= What to do =
A verbatim copy of the listing is needed; pictures are to be left out.

= Given information =

"""

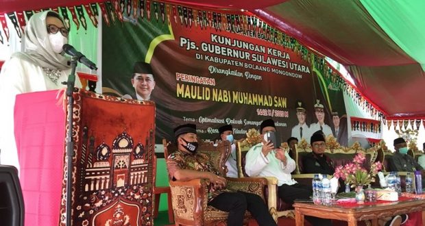 Bupati Bolmong Dra, Hj. Yasti Soepredjo Mokoagow dalam sambutannya mengajak untuk merenungkan, mengapresiasi dan meneladani perjuangan Nabi Muhammad SAW dalam membangun tatanan kehidupan baru di Mekkah dan Madinah, Arab Saudi.
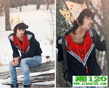 雪地里的王子,皇冠般的帽子,复古的T恤,很梦幻。
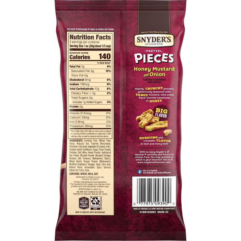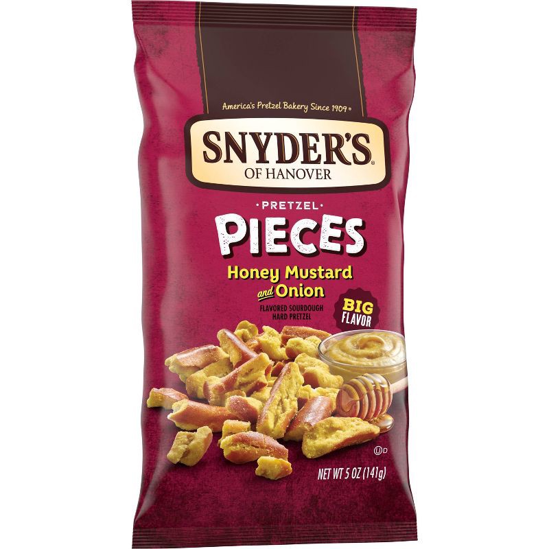 - Includes one (1) 5-ounce bag of Snyder's of Hanover Honey Mustard & Onion Flavored Pretzel Pieces

"""

= Output of the exercise =
 Bupati Bolmong Dra, Hj. Yasti Soepredjo Mokoagow dalam sambutannya mengajak untuk merenungkan, mengapresiasi dan meneladani perjuangan Nabi Muhammad SAW dalam membangun tatanan kehidupan baru di Mekkah dan Madinah, Arab Saudi.
 雪地里的王子,皇冠般的帽子,复古的T恤,很梦幻。
 - Includes one (1) 5-ounce bag of Snyder's of Hanover Honey Mustard & Onion Flavored Pretzel Pieces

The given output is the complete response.